Although glaucoma treatment can take many forms, including medical and procedural-based approaches, one underlying principle for improving outcomes is that earlier treatment affords greater opportunity to affect better results. Consequently, there is sincere interest in discovering the earliest precursory indicators of glaucoma and
ways they can be detected in the clinic.
Our current understanding of glaucoma suggests that changes in and around the retinal ganglion cells surrounding the optic nerve are some of the earliest signs of the disease. While there are several theories as to what may be the initial inciting event, the prevailing thought is that progressive loss in the ganglion cell layer eventually leads to the hallmark optic neuropathy that characterises the glaucomas.

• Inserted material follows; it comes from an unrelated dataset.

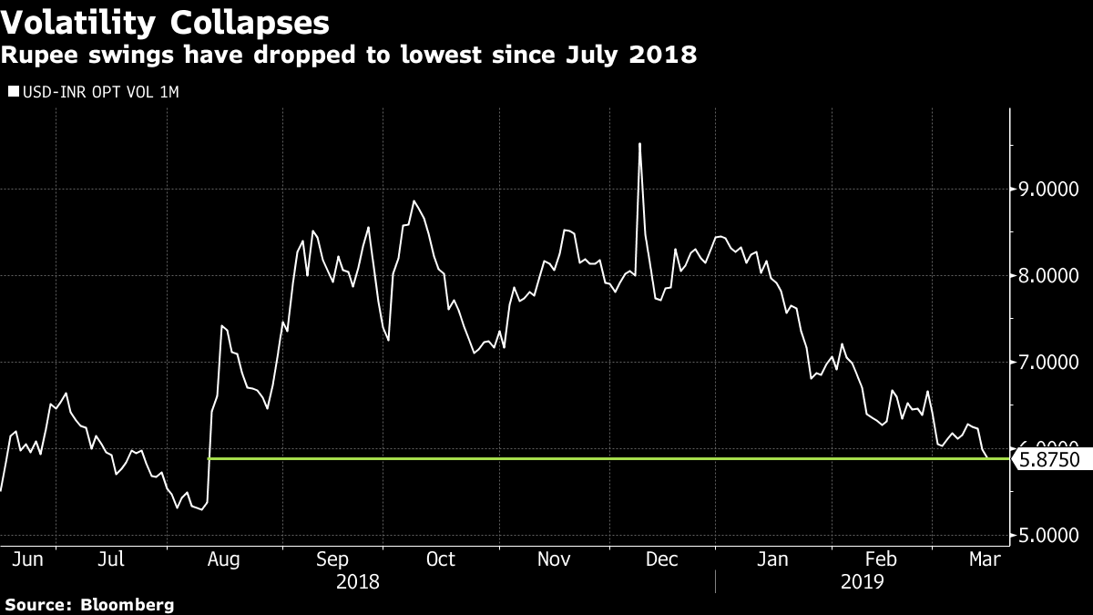 The rupee’s three-month implied volatility, a gauge of expected swings used to price options, fell to 5.87 percent on Friday, the lowest reading since August.

The ability to successfully prevent deterioration of visual function associated with later glaucoma may, therefore, hinge on monitoring the viability of this crucial cell layer at an early stage of the disease.
Modern visual electrophysiology devices, such as Diopsys NOVA (Diopsys), are making this possible in clinical practice through pattern electroretinography (PERG). PERG testing, which measures an electrical signal from the retina ganglion cells in response to a stimulus, may provide clinicians actionable information regarding the viability of the ganglion cell layer.
An irregular PERG test indicates abnormal function in the ganglion cell layer that precedes cell death by months or years. In addition to early detection benefits, PERG testing also indicates response to treatment.
Unlike other standard diagnostic modalities, such as optical coherence tomography (OCT) and perimetry testing, which are useful for measuring disease progression, PERG testing can indicate functional improvements. In other words, while serial OCT and visual fields may tell you when treatment has failed, PERG can serve as an index for when treatment is working. This information is invaluable if the intent is to treat glaucoma disease parameters that do not have apparent clinical correlates.